COLLECTED MATERIAL: Begin
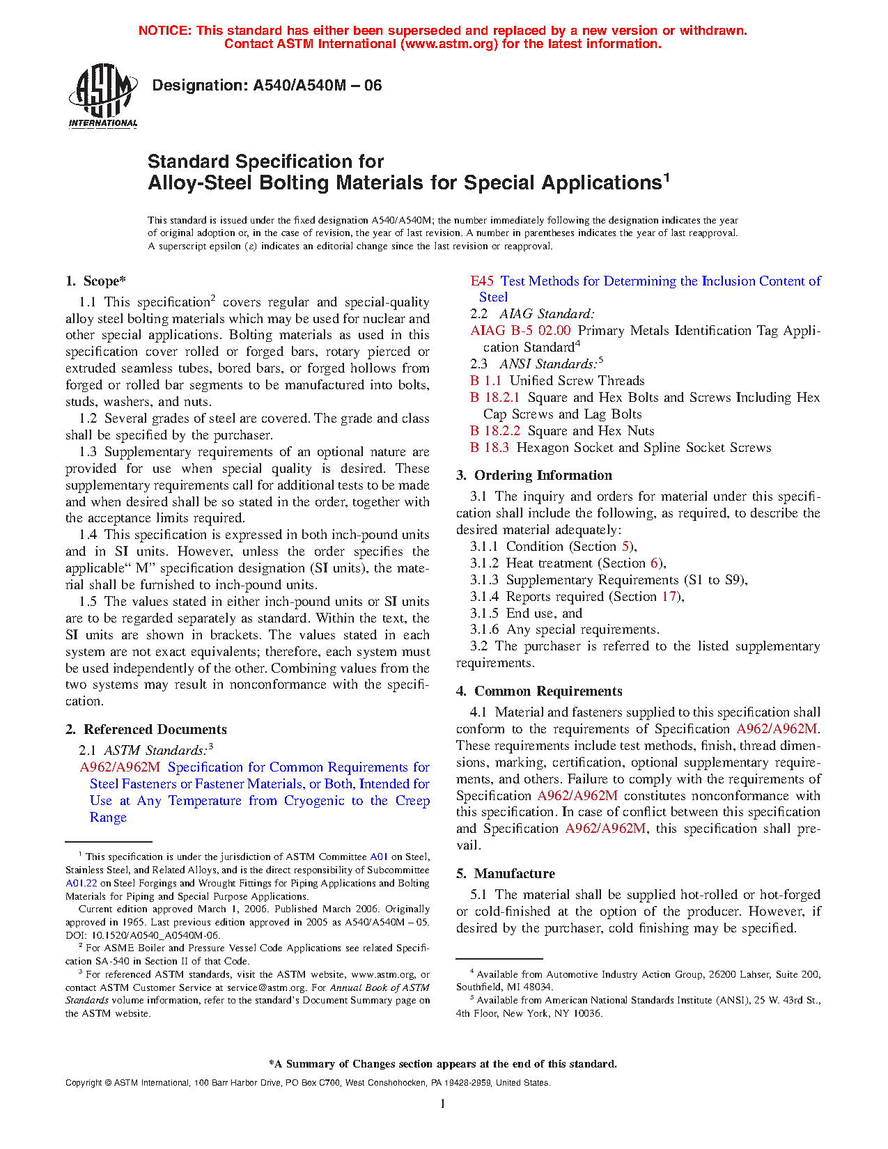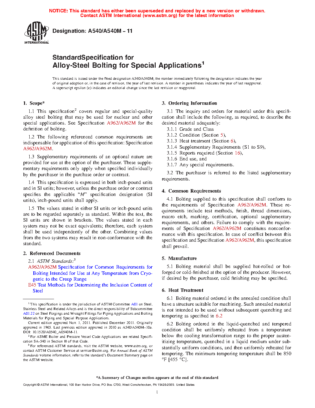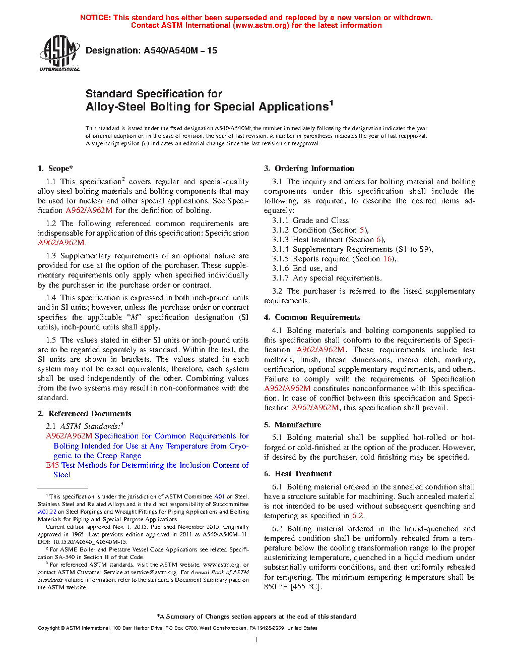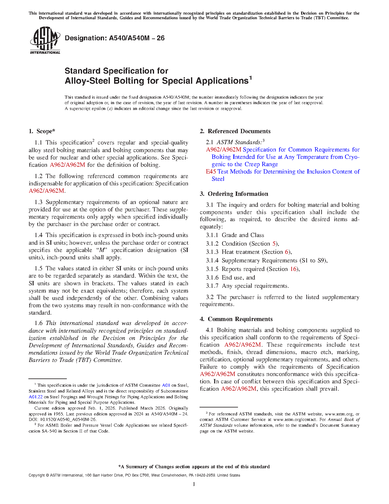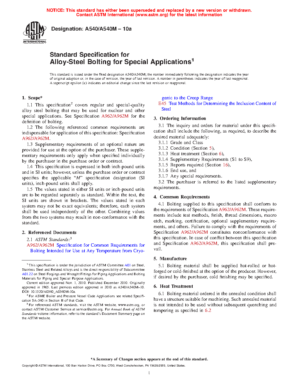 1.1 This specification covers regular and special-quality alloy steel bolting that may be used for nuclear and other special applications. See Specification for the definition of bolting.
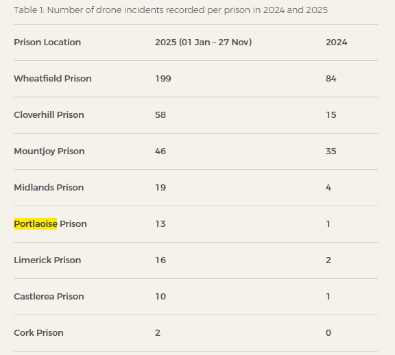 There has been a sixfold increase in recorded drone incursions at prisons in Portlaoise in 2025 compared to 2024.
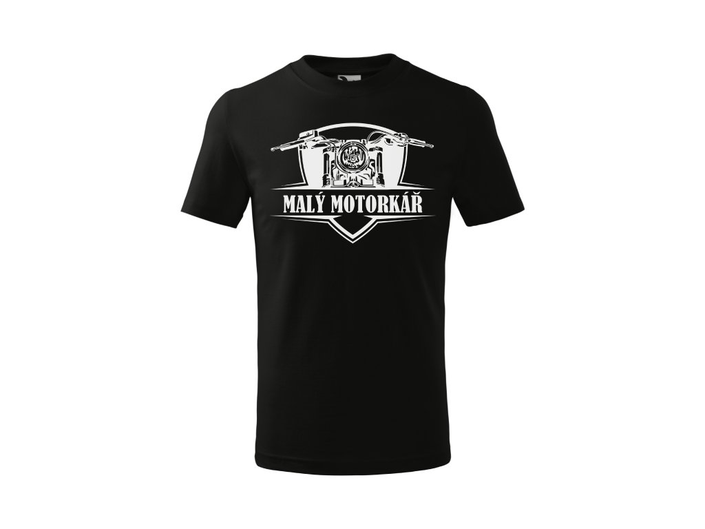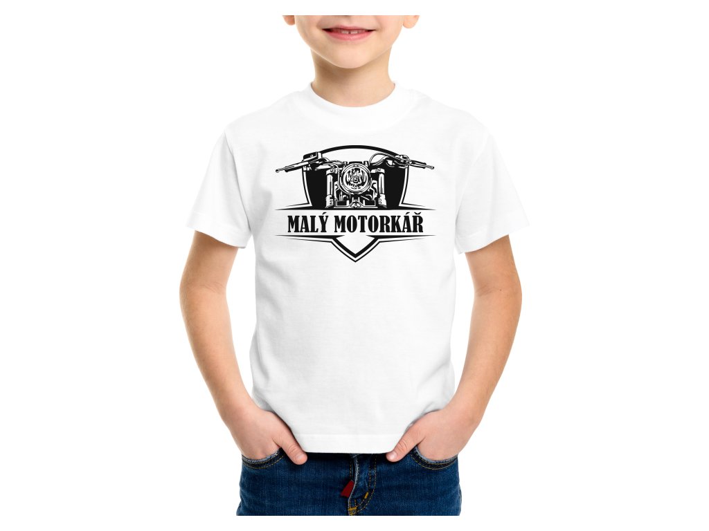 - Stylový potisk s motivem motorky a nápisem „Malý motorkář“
COLLECTED MATERIAL: End
• _YOUR GOAL_
Print exactly the line containing "There has been" and every line after it through the final line above, and leave all pictures out.

• _TASK RESULT_
 There has been a sixfold increase in recorded drone incursions at prisons in Portlaoise in 2025 compared to 2024.
 - Stylový potisk s motivem motorky a nápisem „Malý motorkář“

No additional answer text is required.